*** Block opens ***

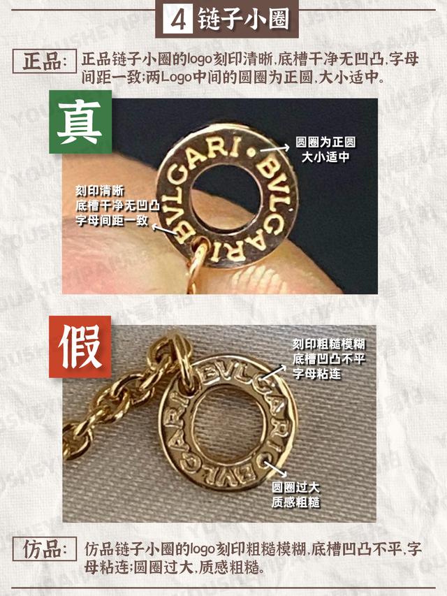 仿品链子小圈的logo刻印粗糙模糊,底槽凹凸不平,字母粘连;圆圈过大,质感粗糙。
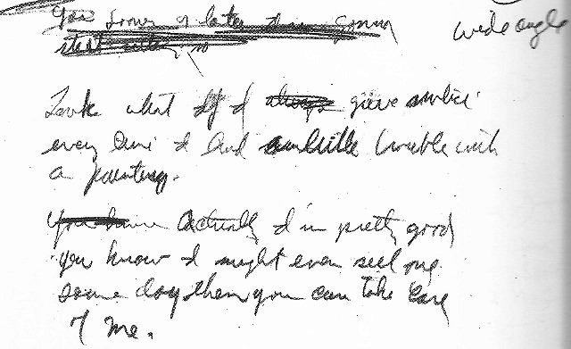 End of the main part of the scene as typed and also added to. But after the bit of typed dialogue added just above but also crossed out, there's quite a bit of handwritten dialogue. Most of it I can decipher - but parts are questionable. So once again I'm scanning a notation to present for our resident handwriting deciphering expert to see if he can make out what it all says:
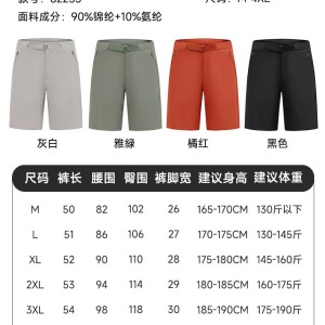 女装:休闲裤,T恤,短裤;男装:运动裤,休闲裤,T恤;户外运动:速干T恤,速干裤,运动卫裤,运动卫衣;
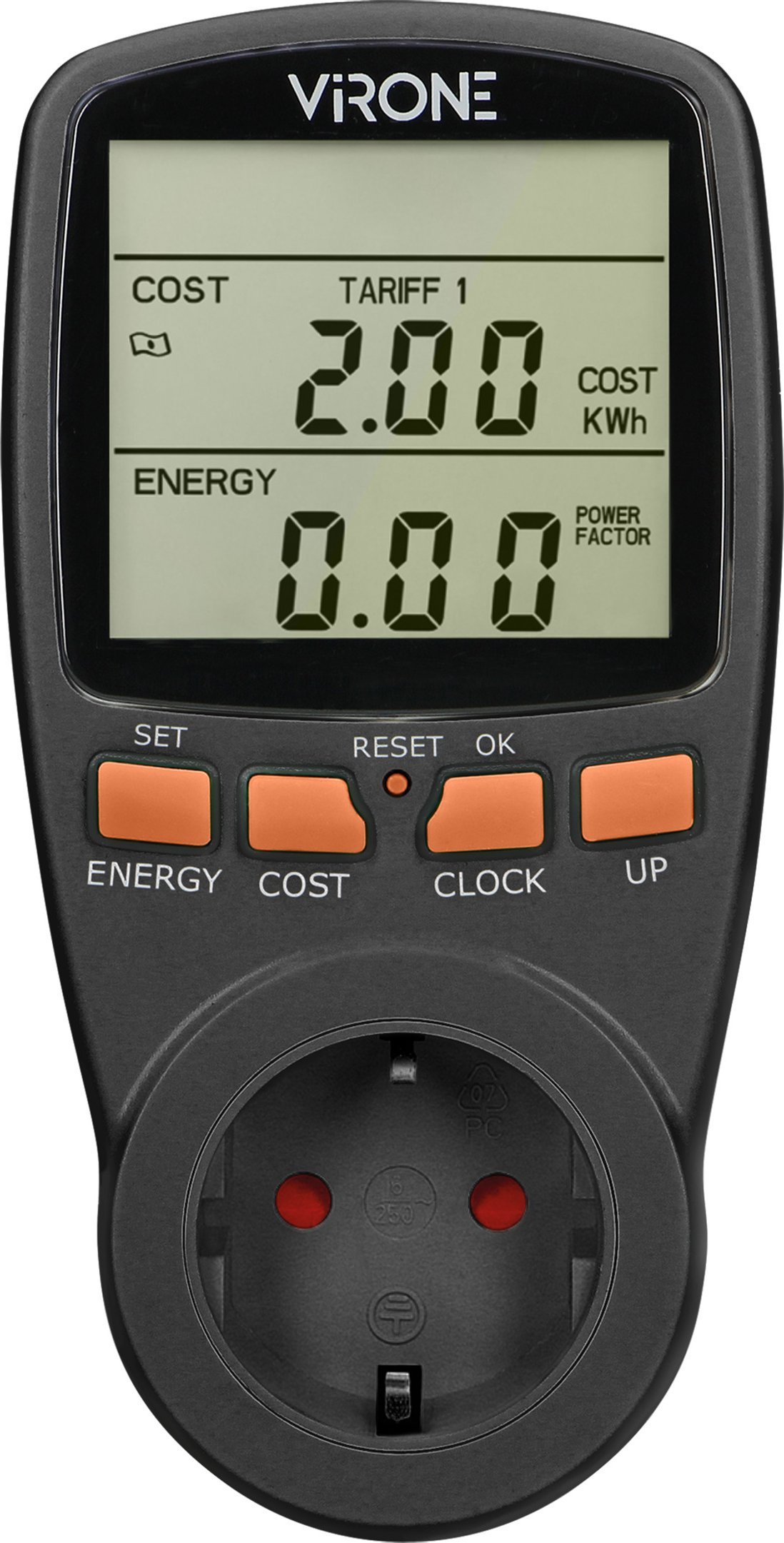 Orno Διπλής τιμολόγησης μετρητής ισχύος, υπολογιστής ενέργειας με οθόνη LCD, 2 ξεχωριστές τιμές, εσωτερική μπαταρία, έκδοση Schuko, μαύρο
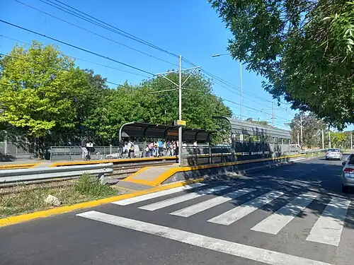 Gabino Ezeiza is a station on the Buenos Aires Premetro. The station is on the branch that terminates at General Savio station. It was opened on 29 April 1987 together with the other Premetro stations.[1] The station is located between the Barrios of Villa Lugano and Villa Riachuelo, near the Autódromo Juan y Oscar Gálvez.
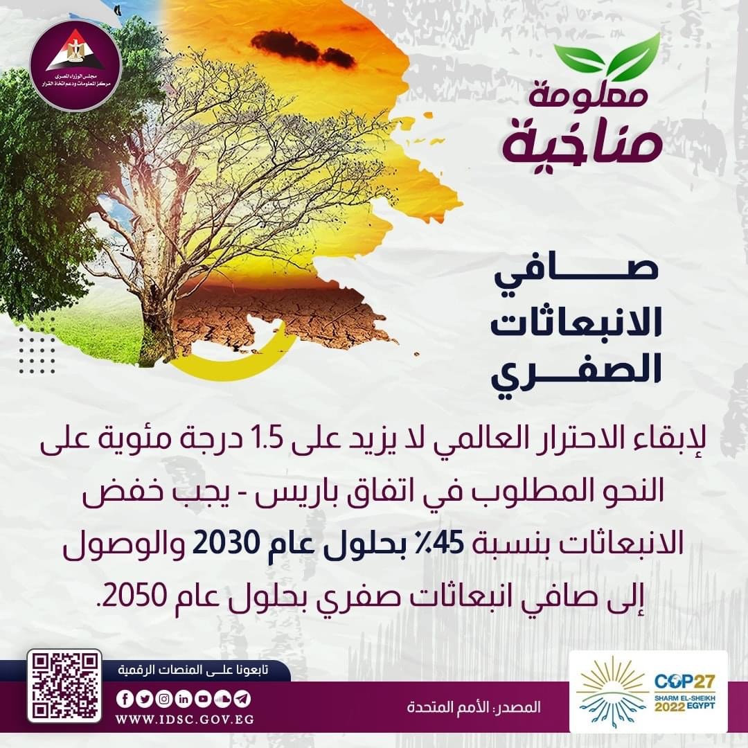 وتابع الانفوجراف ان صافي الانبعاثات الصفري لإبقاء الاحترار العالمي، لا يزيد على 1.5 درجة مئوية على النحو المطلوب في اتفاق باريس يجب خفض الانبعاثات بنسبة 45% بحلول 2030 والوصول الى صافي انبعاثات صفري بحلول 2050.
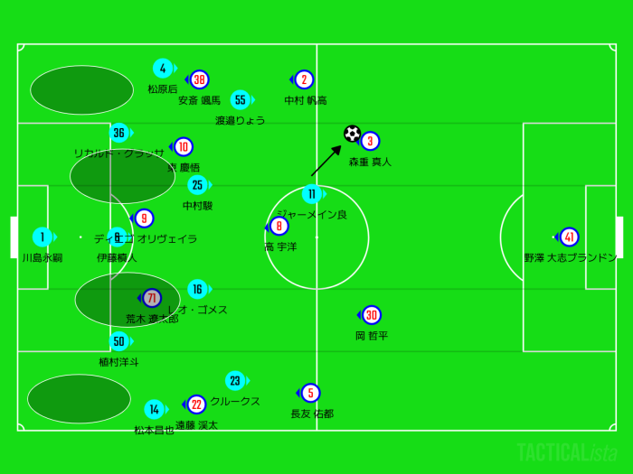 狙ってくるのは3バック脇のスペースと3バックの間のスペースでしょう。
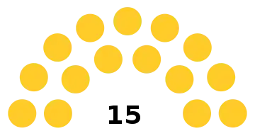 | 15 sièges de l'Assemblée (Majorité absolue : 8 sièges) | ||||||||||||||
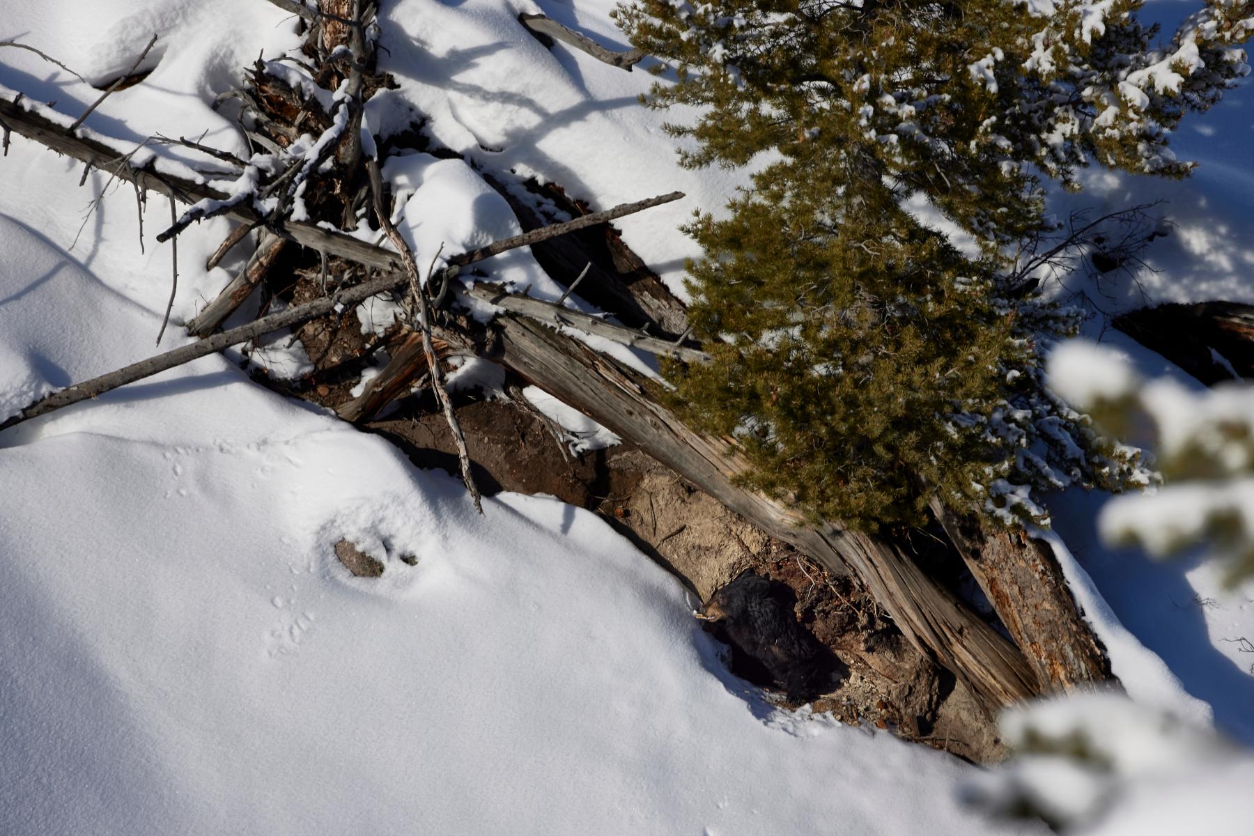 This hibernating black bear in Yellowstone National Park would stick his head and front leg legs out of its den on sunny warm days and eat a few mouthfuls of snow while lounging in the sunshine until it was gone and then retreated into the den.
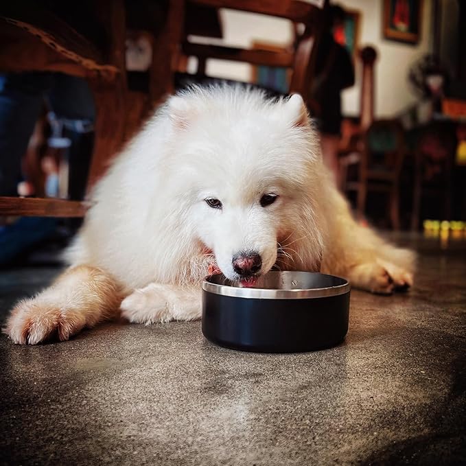 IKITCHEN Dog Bowl for Food and Water, 40 Oz Stainless Steel Pet Feeding Bowl, Durable Non-Skid Double Wall Insulated Heavy Duty with Rubber Bottom for Medium Large Sized Dogs (40 Ounces/5 Cup, Black)
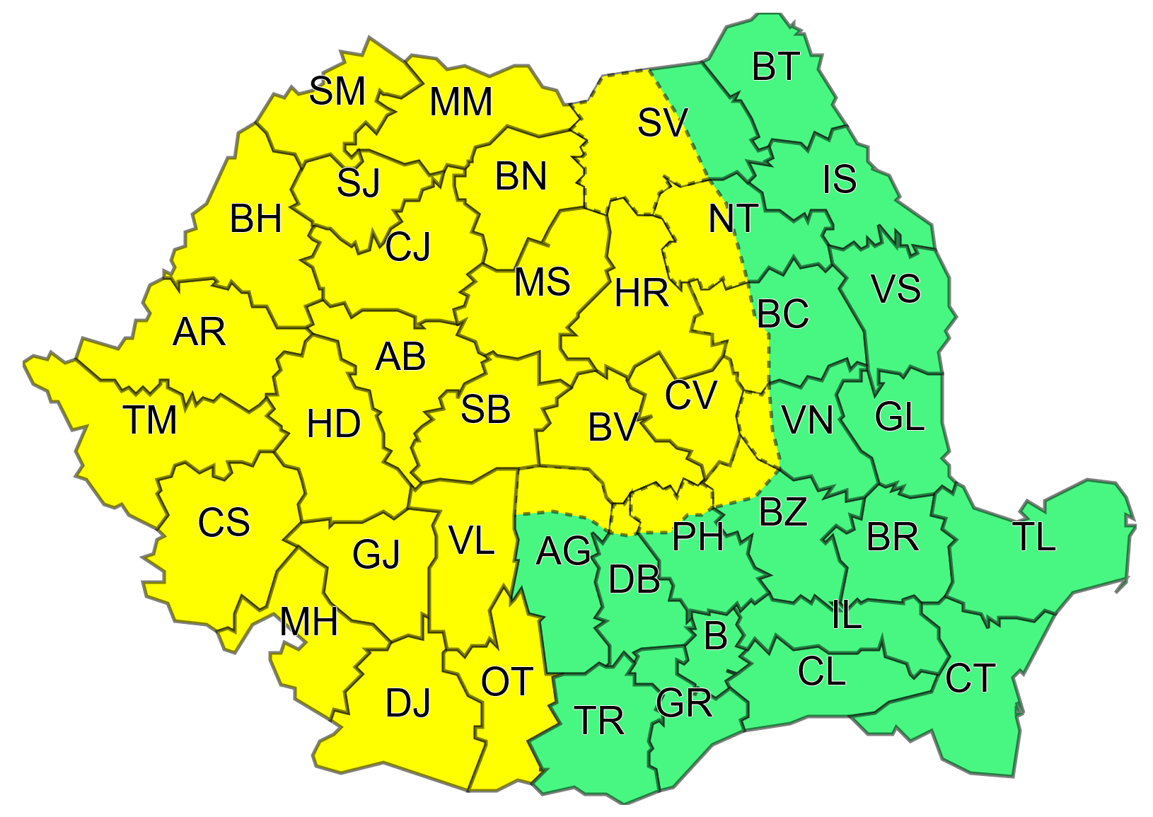 Codul galben emis intră în vigoare sâmbătă dimineaţă, de la ora 9.00, şi este valabil până duminică noapte, ora 23.00.
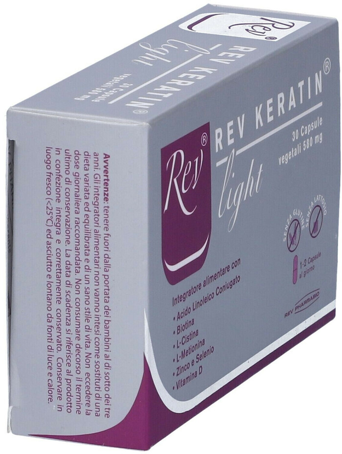 БАД Rev Keratin Light для волос, кожи и ногтей — это высококачественный комплекс, разработанный для поддержания здоровья и красоты ваших волос, кожи и ногтей. В каждой упаковке содержится 30 капсул, которые обеспечивают организм необходимыми питательными веществами.
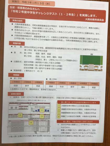 1年生のチャレンジテストは国・数・英の3科目ですが、同じ日に大阪市のチャレンジテストplusとして社会・理科を実施します。
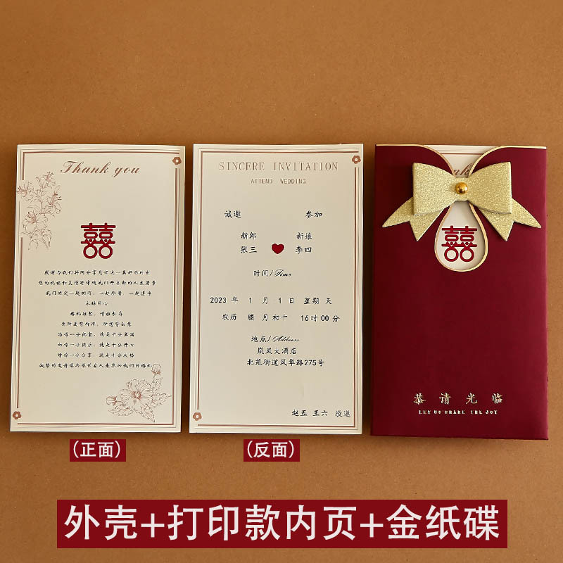 초대장 2024 새로운 결혼식 초대장 결혼식 연회 초대장 인쇄 청동 중국 스타일 결혼식 초대장 틈새 참여
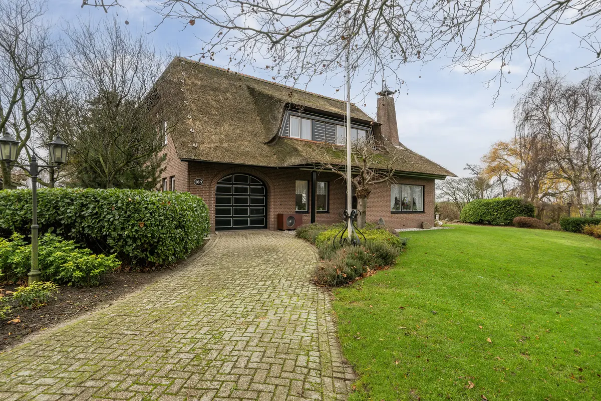 De woning, oorspronkelijk gebouwd in circa 1988 en in 1995 deels opnieuw opgebouwd, is traditioneel en degelijk gebouwd met gemetselde gevels en betonnen vloeren. Het karakteristieke rietgedekte dak geeft het geheel een warme en landelijke uitstraling, passend bij de unieke ligging. Door de jaren heen is de woning zorgvuldig onderhouden en vergaand verduurzaamd, met onder andere circa 74 zonnepanelen, een hybride warmtepomp in combinatie met een cv-installatie, airconditioning en goede isolatievoorzieningen.
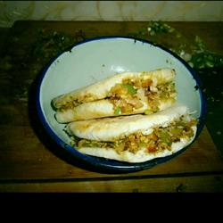 12.Cut the cake from the middle.Don't cut through.Put the meat in.Pour some soup.
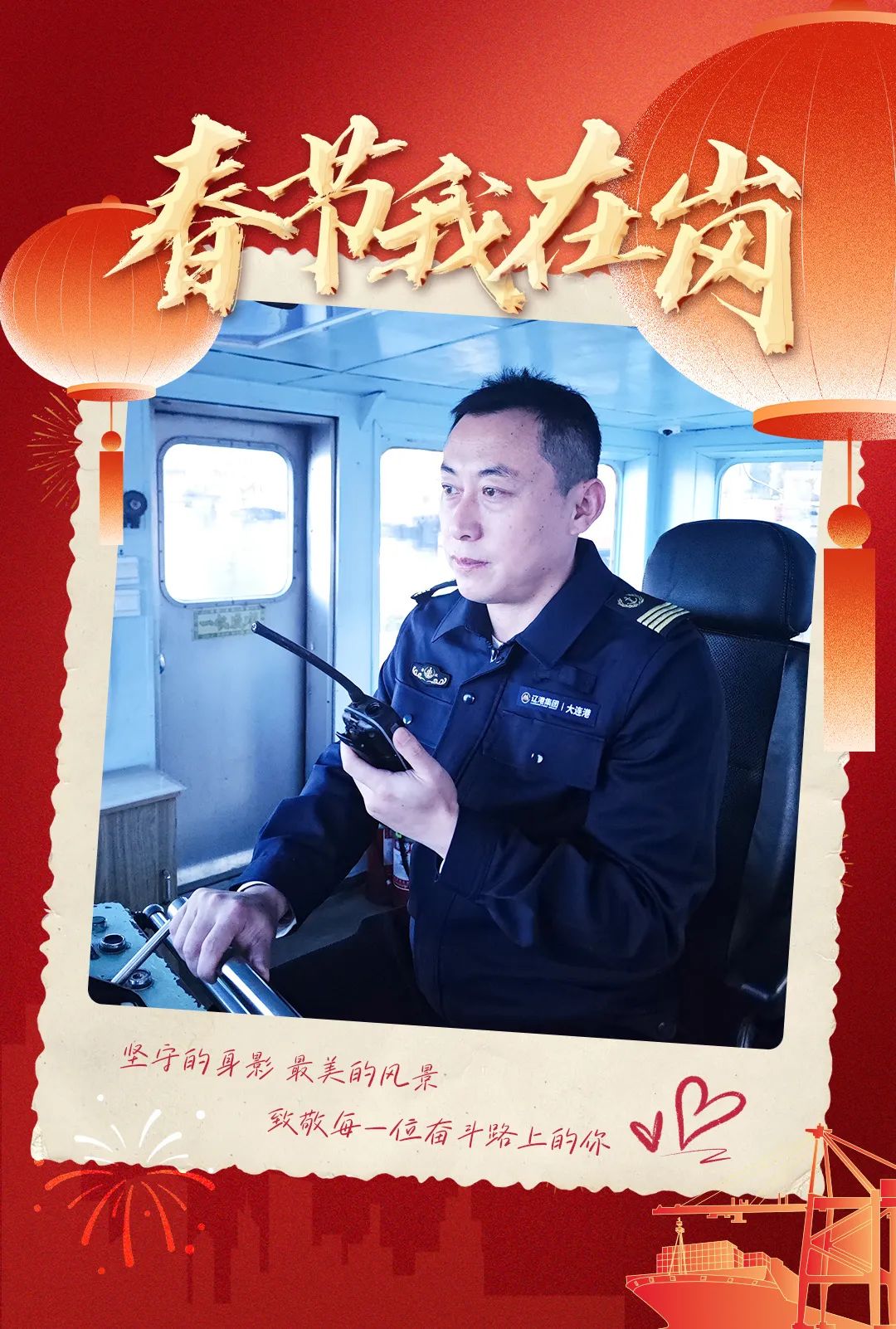 当新春的第一缕阳光照向大连港集装箱码头,波光粼粼的海面映衬着繁忙的景象。在晨曦微光中,船舶调度员刘洋已开始了新一天的工作。办公桌上,已铺满写着密密麻麻船舶调度计划的统计表,耳畔是电话铃声的连续“交响”。尽管不能与家人围坐餐桌,共享新春第一天的朝阳与美食,但一个与家人温馨团聚的画面不禁油然而生,刘洋想象着与家人进行一场超越距离的“合影”,穿透时空界限,让心与心紧紧相连。这份特殊的“比心”,成为了他们春节隔空团聚的独特仪式。尽管不能团聚,但家人的爱与温暖从未缺席。
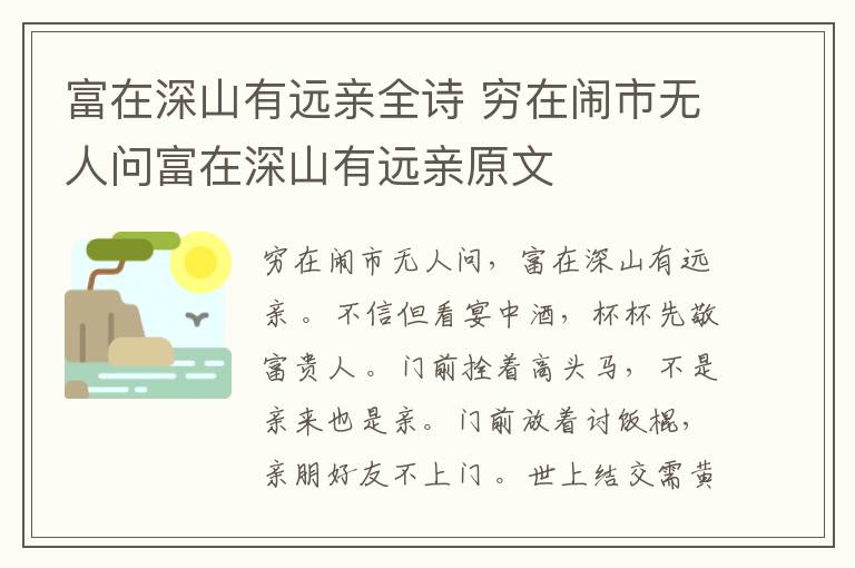 穷在闹市无人问,富在深山有远亲 。不信但看宴中酒,杯杯先敬富贵人 。门前拴着高头马,不是亲来也是亲。门前放着讨饭棍,亲朋好友不上门
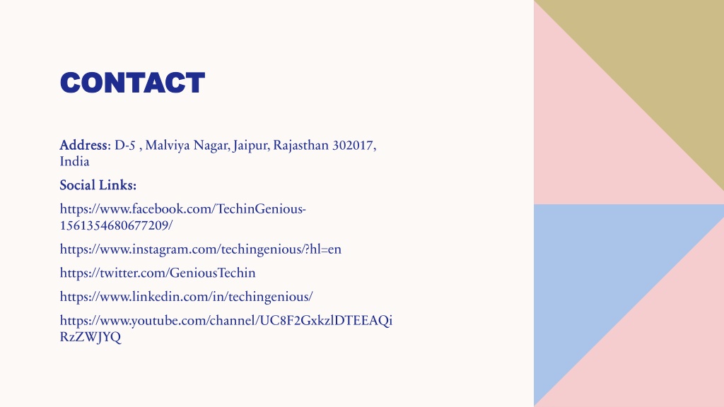 Contact Address: D-5 , Malviya Nagar, Jaipur, Rajasthan 302017, India Social Links: https://www.facebook.com/TechinGenious-1561354680677209/ https://www.instagram.com/techingenious/?hl=en https://twitter.com/GeniousTechin https://www.linkedin.com/in/techingenious/ https://www.youtube.com/channel/UC8F2GxkzlDTEEAQiRzZWJYQ
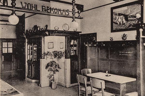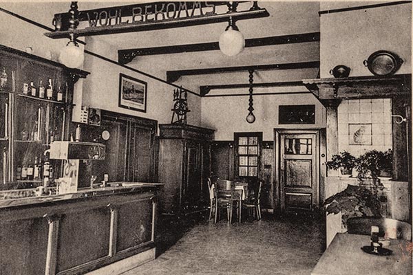 Auch im Inneren des alten Haarmeyer hat sich über die Jahre immer wieder etwas getan. Hier der Innenraum der Kneipe bis zum Neubau in den 50er Jahren. Der Spruch »Do watt du wusst, de Lüe kürt doch!« stand schon damals in der Nische. Passend ist er noch heute.
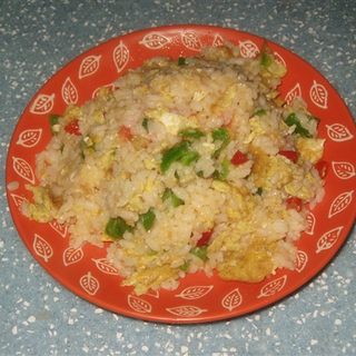 原料:剩米饭、西红柿、鸡蛋、椒、红泡椒、盐。

*** Block closes ***

-- Instructions to follow --
Only the lines from the one containing "Contact Address: D-5" through the final line of the records should be transcribed, exactly and with no pictures.

-- Written reply --
 Contact Address: D-5 , Malviya Nagar, Jaipur, Rajasthan 302017, India Social Links: https://www.facebook.com/TechinGenious-1561354680677209/ https://www.instagram.com/techingenious/?hl=en https://twitter.com/GeniousTechin https://www.linkedin.com/in/techingenious/ https://www.youtube.com/channel/UC8F2GxkzlDTEEAQiRzZWJYQ
 Auch im Inneren des alten Haarmeyer hat sich über die Jahre immer wieder etwas getan. Hier der Innenraum der Kneipe bis zum Neubau in den 50er Jahren. Der Spruch »Do watt du wusst, de Lüe kürt doch!« stand schon damals in der Nische. Passend ist er noch heute.
 原料:剩米饭、西红柿、鸡蛋、椒、红泡椒、盐。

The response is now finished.